== Data ==
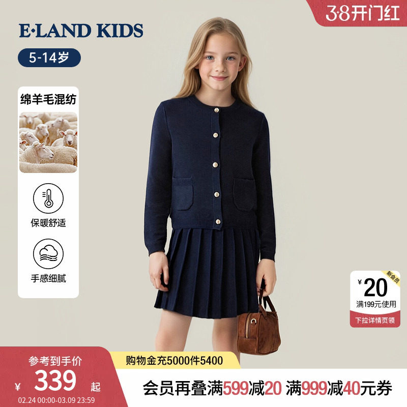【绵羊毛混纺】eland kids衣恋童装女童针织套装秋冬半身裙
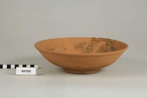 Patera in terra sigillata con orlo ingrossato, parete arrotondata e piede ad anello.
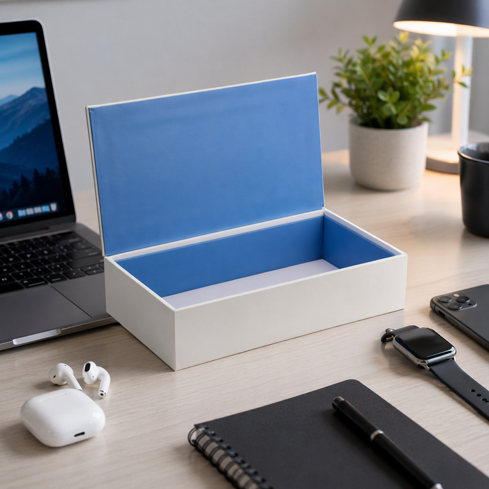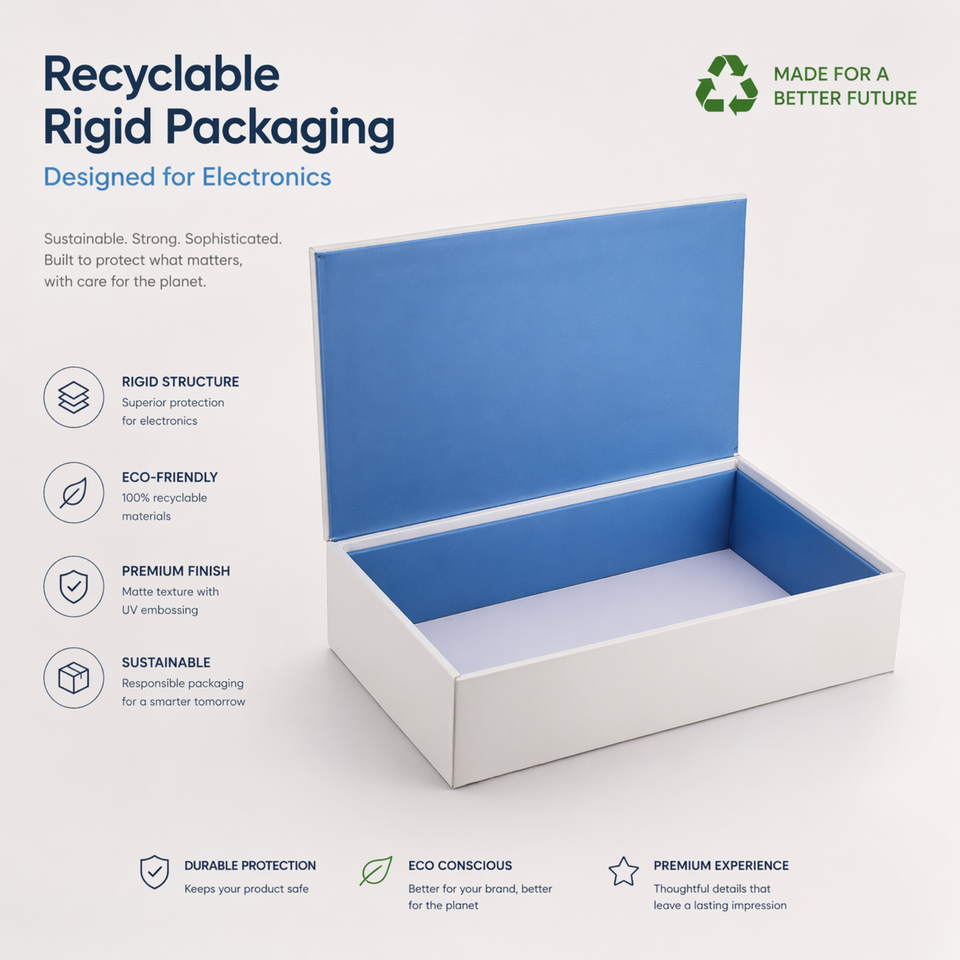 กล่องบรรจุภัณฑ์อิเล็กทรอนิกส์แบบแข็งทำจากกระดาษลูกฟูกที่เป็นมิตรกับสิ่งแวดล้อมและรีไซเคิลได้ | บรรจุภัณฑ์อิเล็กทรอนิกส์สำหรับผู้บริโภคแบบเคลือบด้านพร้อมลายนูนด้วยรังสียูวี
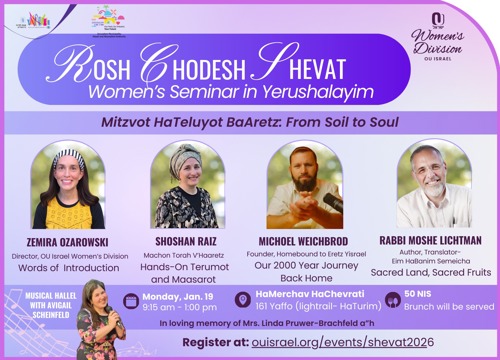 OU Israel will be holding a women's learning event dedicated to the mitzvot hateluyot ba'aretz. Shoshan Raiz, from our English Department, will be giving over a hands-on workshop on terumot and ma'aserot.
===
What you have to do: Pictures stay out; retype only the lines from the line containing "Patera in terra" through the end of the listing, inclusive, exactly as they appear.

Answer to the problem:
 Patera in terra sigillata con orlo ingrossato, parete arrotondata e piede ad anello.
 กล่องบรรจุภัณฑ์อิเล็กทรอนิกส์แบบแข็งทำจากกระดาษลูกฟูกที่เป็นมิตรกับสิ่งแวดล้อมและรีไซเคิลได้ | บรรจุภัณฑ์อิเล็กทรอนิกส์สำหรับผู้บริโภคแบบเคลือบด้านพร้อมลายนูนด้วยรังสียูวี
 OU Israel will be holding a women's learning event dedicated to the mitzvot hateluyot ba'aretz. Shoshan Raiz, from our English Department, will be giving over a hands-on workshop on terumot and ma'aserot.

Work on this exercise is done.